The Living Thing / Notebooks :

Economic inequality

Return to capital versus return to labour versus return to state of nature

Will call your achievements meritocratic for food

It’s as if you were working.

Piketty, Hayek, Marx, Pareto. The supercritical Matthew effect. Informational feedback Matthew effect.

What the hell is growth, and who does it? Do we care if only the minority does it? Is it a problem if technocapitalist god kings rule over a blasted landscape of diseased stunted serfs, or is that totally cool? If fine, is it sustainable? If not sustainable, does that really matter, or should we just go out with a billionaire yacht orgy on the swollen rotten oceans then blow the lights out with nukes?

Chris Dillow, on increasing income inequalities amongst companies

If all of this is right, and these are long-lasting changes – which is a big if – then we need to ditch some old mental models and rediscover some others. We should abandon the idea that competition equalizes profits and restrains monopolies and perhaps return to some older Marxian ideas.

Are intangibles worsening the productivity gap between leading firms and laggards?:

We wonder whether might be more going on here than just a failure of technological diffusion. Specifically, we suspect that the nature of what the winning businesses are doing is changing in a way that makes it harder for their competitors to catch up.
The trick of governance by other means than wishful thinking.

This applies to political as well as economic power.

Amusing snark in covering Mansion magazine, the magazine of elite fancy housing.


Inequality and conflict

xhxhxhxhx summarises

We do have strong and consistent predictors of social conflict. They just don’t include inequality. Paul Collier and Anke Hoeffler, in “Greed and Grievance in Civil War” Oxford Economic Papers 56:4 (2004), found that many variables simply do not matter. Not inequality. Not political rights. Not ethnic polarization. Not religious fractionalization.

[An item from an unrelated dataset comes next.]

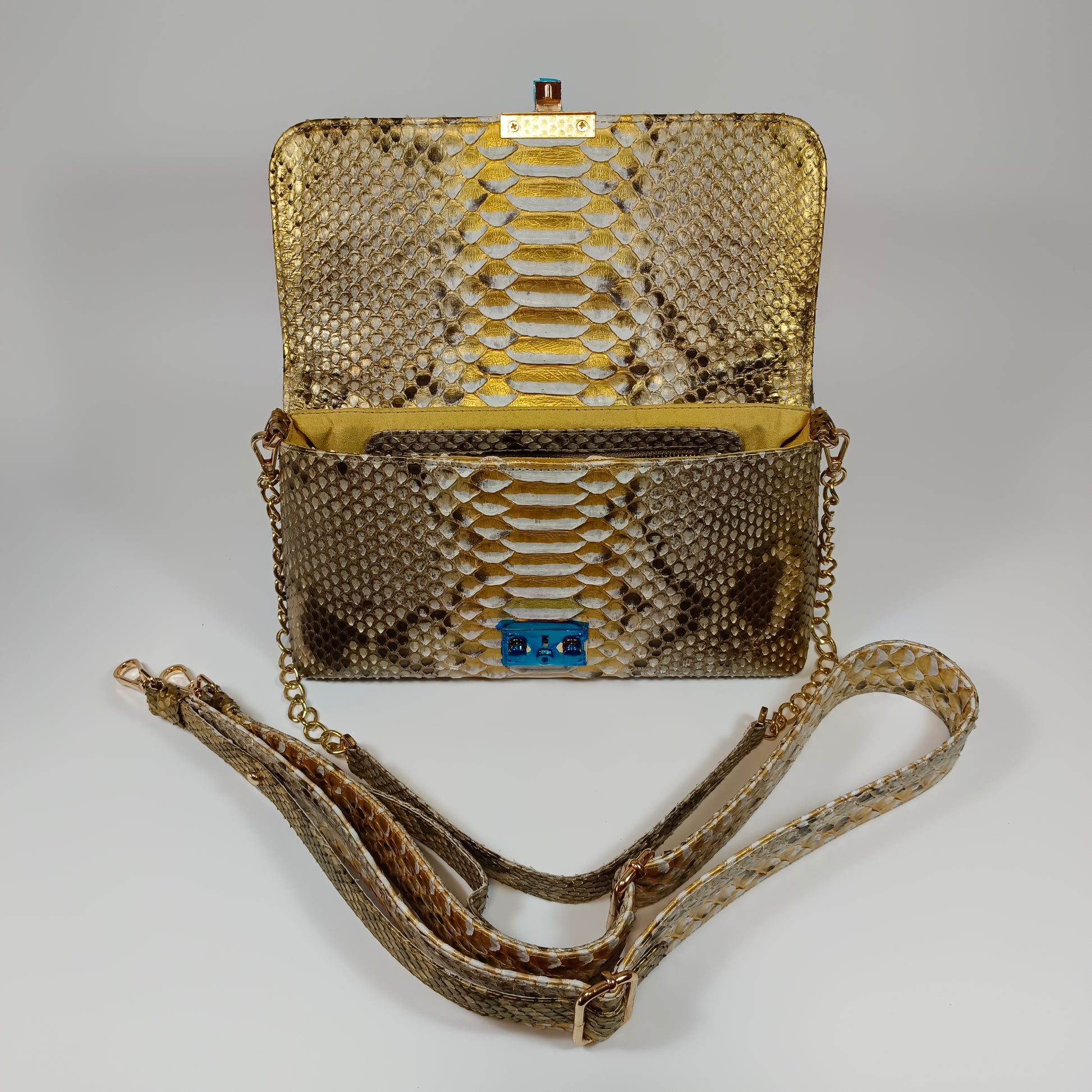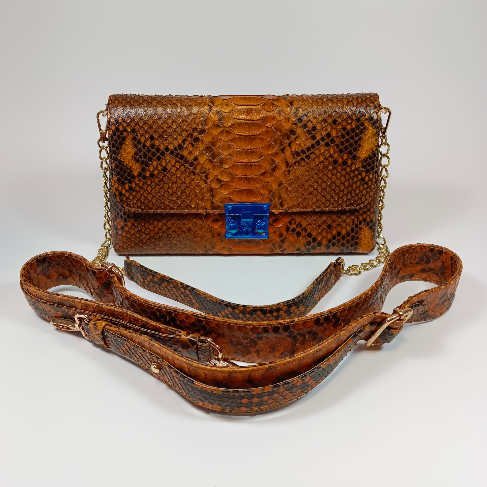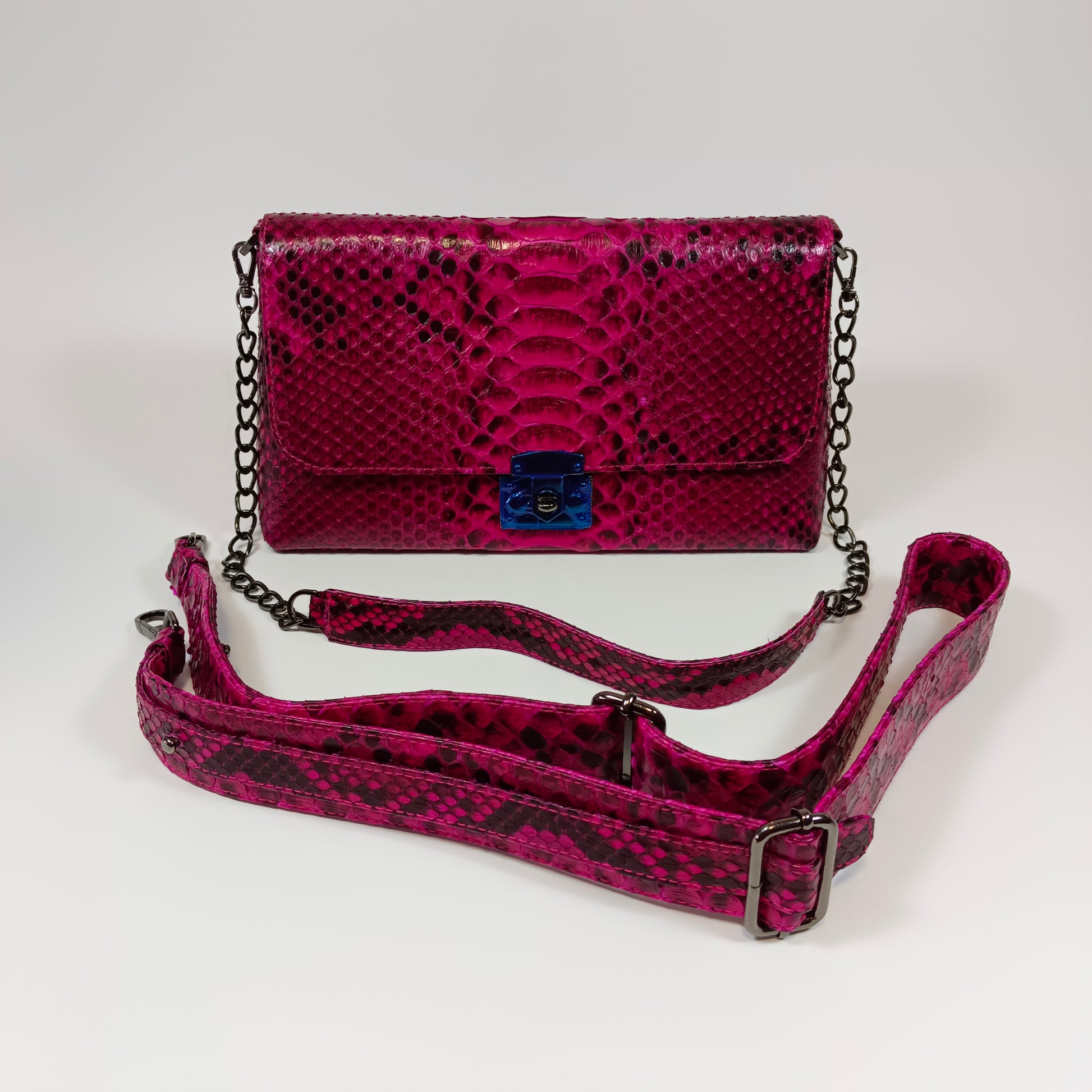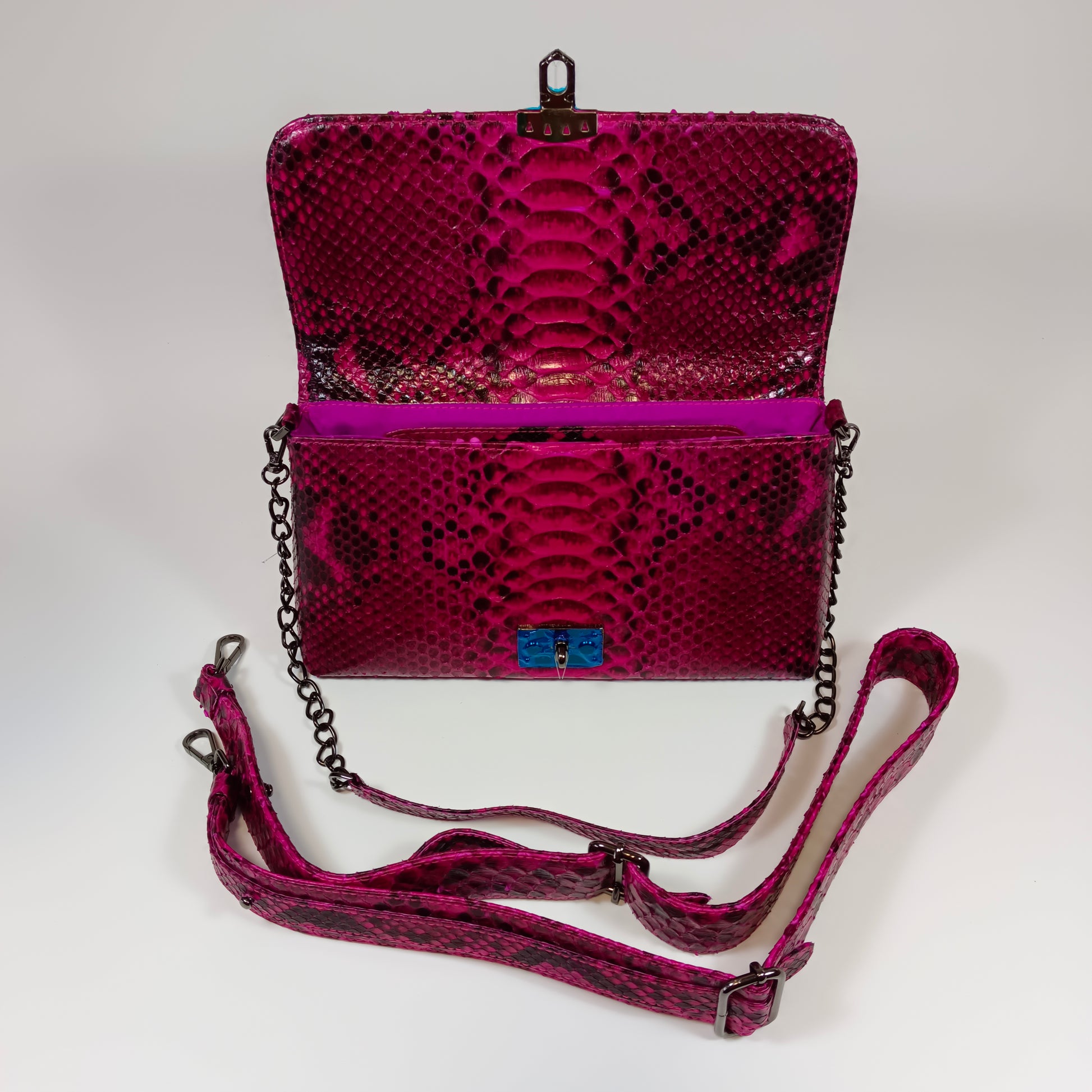 A Bolsa Gun, confeccionada em pele de cobra Python genuína, oferece luxo e exclusividade em cada detalhe. Seu design atemporal combina sofisticação com resistência, ideal para quem busca estilo e durabilidade. Feita à mão, cada peça é única, refletindo elegância e autenticidade. Uma escolha premium que destaca sua personalidade e bom gosto. Dimensões: 28 cm de comprimento, 8 cm de largura e 16 cm de altura | alça em couro e corrente de metal 70 cm e alça de couro 115cm.

So what did matter? Chris Blattman and Edward Miguel’s review paper, “Civil War,” in the Journal of Economic Literature 48:1 (2010) tells us that two factors are robustly linked to civil war: “low per capita incomes and slow economic growth.” Håvard Hefre and Nicholas Sambanis, “Sensitivity Analysis of Empirical Results on Civil War Onset” Journal of Conflict Resolution 50 (2006), which tested standard predictors for robustness, identified a few more:

… large population and low income levels, low rates of economic growth, recent political instability and inconsistent democratic institutions, small military establishments and rough terrain, and war-prone and undemocratic neighbors.

I haven’t read the quoted studies, but I presume they assume that inequality doesn’t lead to conflict, controlling for economic growth, democratic institutions and so on. Leaving aside the question of whether one can select the true causal factors here with high probability from the awful data on natural experiments available, and presuming the authors have responsibly identified spurious influences by good choice of instruments and so on, this is interesting. FWIW though, the link between long-term inequality and long-term slow economic growth and weak democratic institutions is what I’m more interested in, and this does more to make me think that in fact I should be more concerned about inequality in the light of its potential indirect linkages to conflict.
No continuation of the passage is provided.